The ten classes are:
2. Injectable oil-based
3. Injectable water-based
4. Patch or gel
5. Aerosol, propellant based preparation
7. Homemade transdermal preparation
8. Androgen-estrogen combination
9. Counterfeit anabolic steroid
10 Over the counter (OTC)
Girls have recently been known to use steroids as a way to get an edge on the playing field, slim down and tone up. Some girls, as young as 9 years old, have found that steroids can help them to look more like the Hollywood stars and models they admire.
“There’s been a substantial increase for girls during the 1990s, and it’s at an all-time high right now,” said Charles Yesalis, professor of health and human development at Pennsylvania State University.
- Overall, up to about 5 percent of high school girls and 7 percent of middle-school girls admit trying anabolic steroids at least once, with use of rising steadily since 1991, various government and university studies have shown.
- “With young women, you see them using it more as a weight control and body fat reduction” method, said Jeff Hoerger, Rutgers University, New Jersey counseling program.
- These girls are more likely to have eating disorders and use other risky methods to get thin.
As the men on Gladiators, Wrestlemania, and Ultimate Fighter get bigger, boys may also have a desire to bulk up. But you might be surprised to know that it’s not only about getting stronger. It’s also about body image—and looking more attractive—even in elementary and middle school!
Boys as young as 10, and high school students who do not play team sports, are also bulking up with steroids because they want to look good.
Some high schools are working to combat steroid use by banning the substance and offering a consequence: If a student is caught using performance-enhancing drugs, they can be banned from competing for a whole year. The problem is, no drug testing is required. Parents still need to keep their eyes open.

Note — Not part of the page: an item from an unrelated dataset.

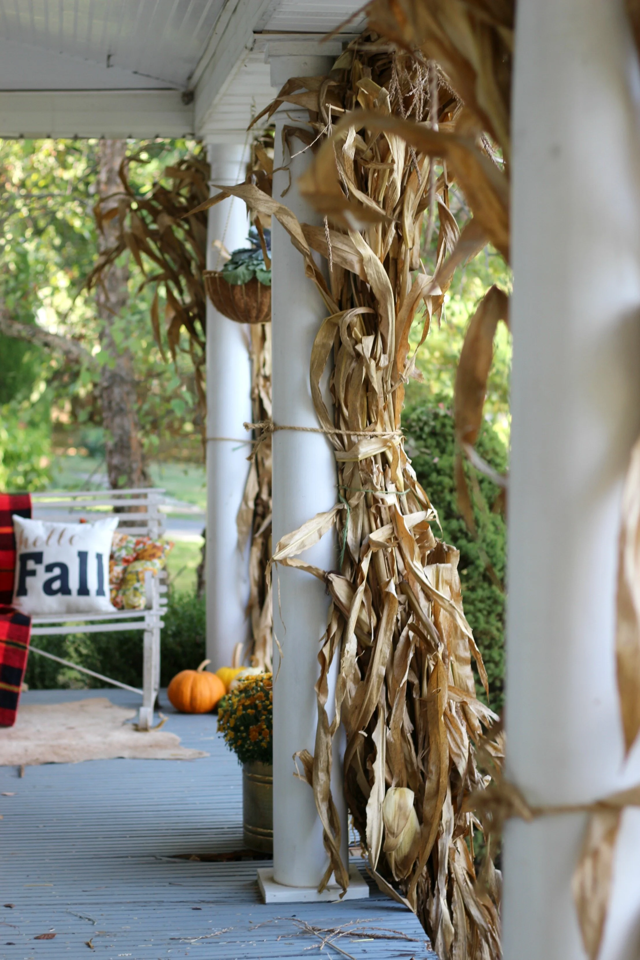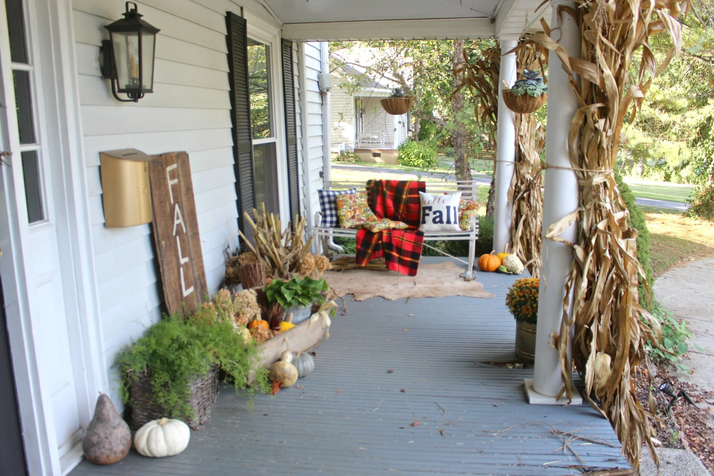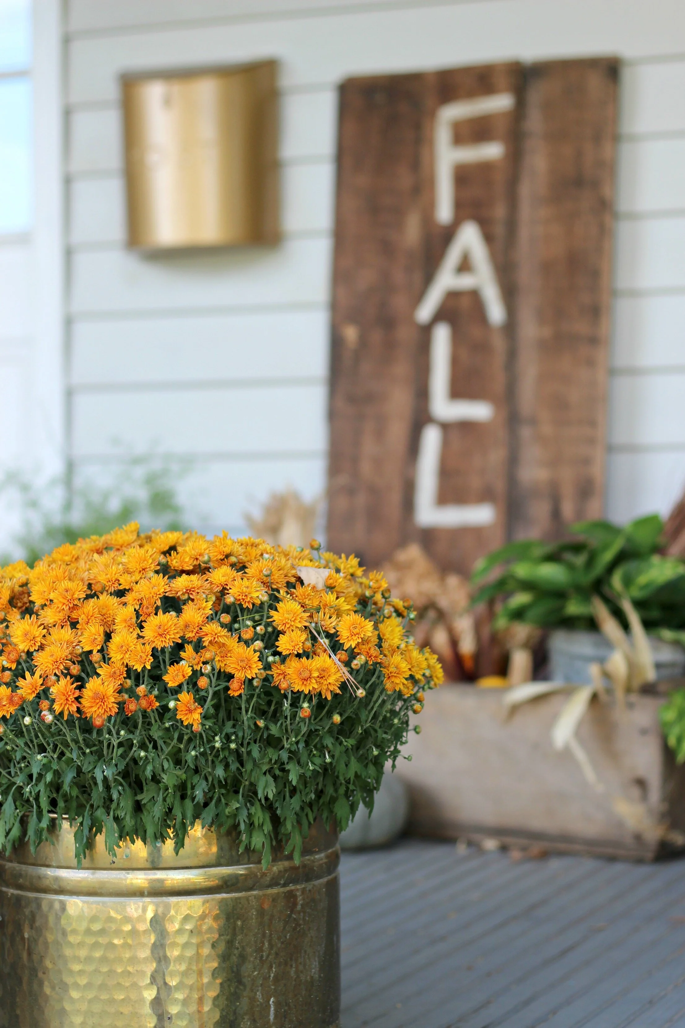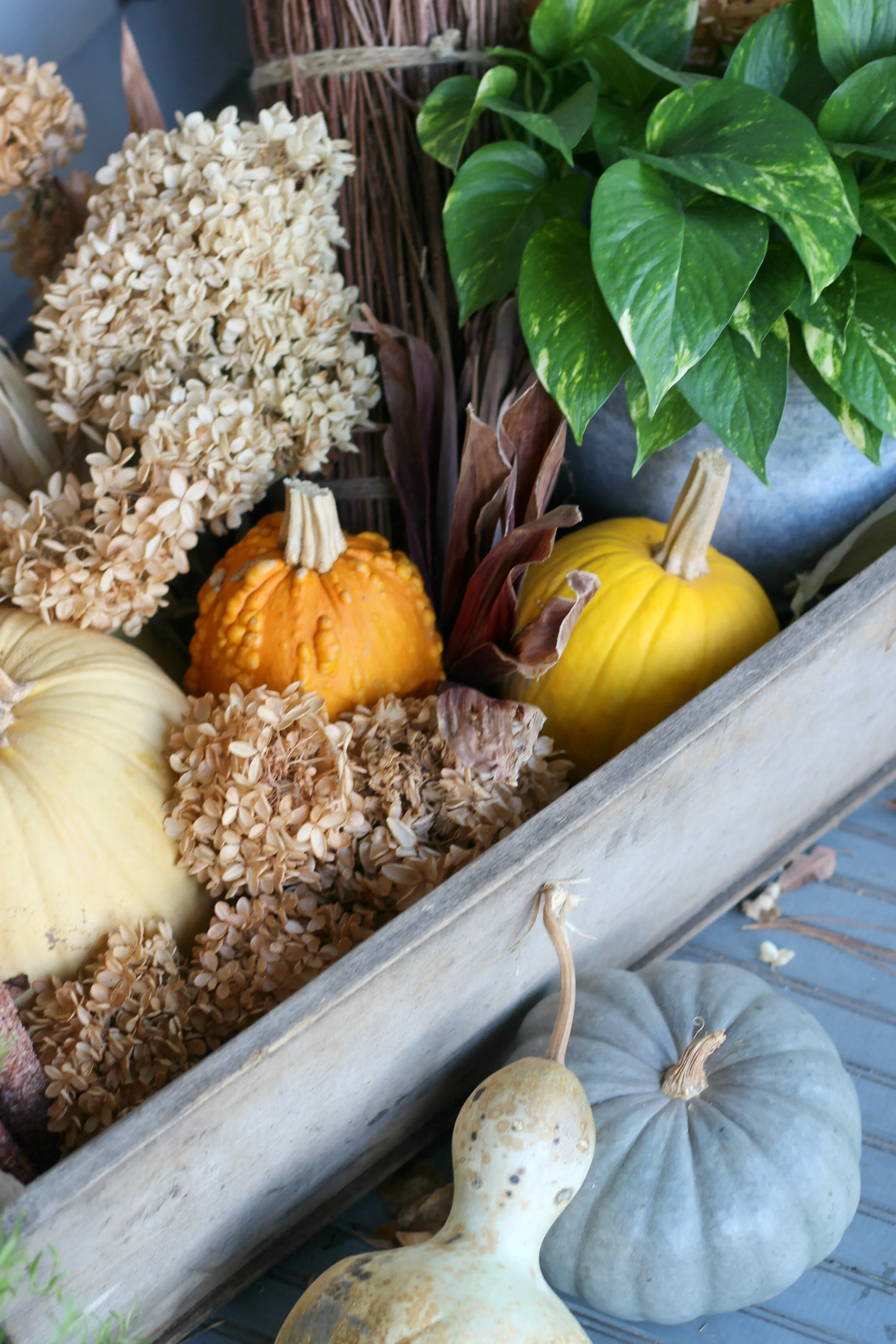 No southern porch is complete without some mums and I love the pop of color they add especially in these vintage brass planters. This little area by the door is probably my favorite little vignette on the porch. I used an old piece of barnwood to make this vertical sign a couple years back. It says "FALL" on one side and "JOY" on the other so I can use it for both fall and Christmas decorating. In front of it I used an old wooden trough to hold some pumpkins, gourds, plant, sticks, and dried hydrangeas. I also used a vintage basket beside it to hold a cluster of some more dried hydrangeas (I can't ever get enough!) and cornstalks.

How should parents address the issue?
Direct Approach: Especially if the person you suspect is your son/daughter, this can be the most effective approach. You can always take the time to just sit down and talk about steroids. Many teens either simply don’t know about the real risks of steroids or are uncertain about their effects. Talk about all the general risks and the long term effects and how it simply isn’t worth it. Let them know that ultimately, they’ll just end up jeopardizing their own goals and maybe their entire lives.
If your child is thinking about taking steroids, your heart-to-heart talk could bring up facts and illuminate issues that s/he didn’t know about before.
Use the Media: When steroid use is brought up in the media, don’t stay silent! Let your children and teens know how you feel about steroid use, what it means for the sport, the athletes, personal health and the integrity of the sport. When children and teens are clear about how you feel about steroids and other illegal substances, they’re more likely to refrain from using.
- Look for any obvious weight gains in your children, particularly, gains in muscle mass over a short period of time.
- Is there any sign of depression? Hormonal imbalance can cause mood swings and erratic behavior.
- Is there any apparent hair loss with your child? Premature balding and breast development in boys and facial hair development in females are possible side effects of steroid use.
Intervention: Let the experts work
If you’re sure that the problem exists, let your children know that you only want what’s best for them– and then, introduce an expert. Trained doctors are the best people to address the problem.
Steroids Hotline: 1-800-STEROIDS
This hotline provides information on drugs, how to know if someone you know is using steroids and where to get help.
Anything else but steroids?
In addition, believe it or not, Viagra is now becoming another drug used by athletes. It’s being used to help with athletic performance, increase blood flow, and increase the effectiveness of other drugs. Watch your medicine cabinets.